I ran this across 200+ files comparing two configurations of our model. The LLM judge sometimes picks the transcript with higher WER — because it has fewer meaning-changing errors, even though it has more filler/formatting mismatches that inflate the WER score.

Here are three real examples. Each row shows the same passage three ways: what was actually said, what the lower-WER transcript produced, and what the judge preferred instead (with higher WER).

Hallucination Medical vitals hallucinated

Dataset: Simulated Patient-Physician Medical Interviews

Listen for the section about the patient's vitals being stable.

Ground Truth ...we're gonna say vitals stable. He is on 2 liters of oxygen...

Lower WER (17.8%) — but wrong ...we're gonna say Whitehall's stable. He is on 2 liters of oxygen...

Judge Winner (21.6% WER) ...we're gonna say vital's stable. He is on 2 liters of oxygen...

The lower-WER transcript hallucinated "Whitehall's stable" — a proper noun that doesn't exist in the conversation. The judge picked the version that said "vital's stable" (close to "vitals stable"), even though it had 3.8 points higher WER overall.

Answer Flipped Patient's "no" turned into "I know"

Dataset: Simulated Patient-Physician Medical Interviews

Doctor asks if pain radiates down the leg. Patient answers.

Ground Truth ...pain radiate anywhere like down the leg or or up into the thigh?

Um no.

Lower WER (17.8%) — but wrong ...pain radiate anywhere, like down the leg or, or up into the thigh?

I know.

Judge Winner (21.6% WER) ...pain radiate anywhere, like down the leg or, or up into the thigh?

Ah, no.

The patient said "um no" — the pain doesn't radiate. The lower-WER transcript turned this into "I know," which an LLM would interpret as an affirmative. The judge picked the higher-WER version that correctly captured "ah, no." A triage agent reading these two transcripts would make the opposite call.

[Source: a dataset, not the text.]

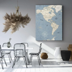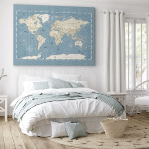Canvastavlan "Världen vid dina fingertoppar" är det perfekta valet för resentusiaster och de som söker geografisk inspiration. Världskartan, återgiven i subtila pastellnyanser av blått och beige, gläder sig med sin vintage-estetik och ger den en unik karaktär.

Wrong Entity GE's aircraft leasing arm confused with its financial unit

Dataset: Earnings-21

The speaker is discussing GE's aviation business and GECAS (their aircraft leasing division).

Ground Truth In aviation and at GECAS, airlines are conserving cash, not flying the planes they have...

Lower WER (10.8%) — but wrong ...primarily in Aviation and GE Capital with negative marks and impairments...

Judge Winner (12.9% WER) In aviation and at GECAS, airlines are conserving cash, not flying the planes they have...

GECAS is GE's aircraft leasing division. GE Capital is their financial services arm — a completely different business unit. The lower-WER transcript substituted the wrong entity. An LLM generating an investor brief would attribute the discussion to the wrong part of the company.

In each case, WER picked the wrong winner. The transcript with lower WER had a meaning-changing error that the higher-WER transcript avoided. The LLM judge caught this because it evaluates meaning, not word counts. It's more expensive to run than WER — you wouldn't use it on every file — but for model comparisons and periodic quality audits, it catches the errors that matter.

A/B test in production

Honestly, the best signal often comes from just shipping both options and measuring what happens. Run model A on half your traffic and model B on the other half, then track the KPIs that actually matter to your product — task completion rate, agent success rate, user corrections, support tickets, whatever your downstream metric is.

This sidesteps the entire ground truth problem. You're not comparing against a reference transcript that might be wrong — you're measuring whether the transcript was good enough for the thing it needed to do. If model B's transcripts lead to fewer failed bookings or more accurate clinical notes, that's the answer. WER might say model A is better, but your production metrics don't care about WER.

The downside is it's slower and you need enough traffic to get statistical significance. But if you have the volume, an A/B test will tell you more in a week than any offline evaluation.

The speech industry is still largely evaluating models with a single number. That worked when the bar was "can the model transcribe words at all." It doesn't work when the bar is "can an LLM trust this transcript enough to write a medical chart from it."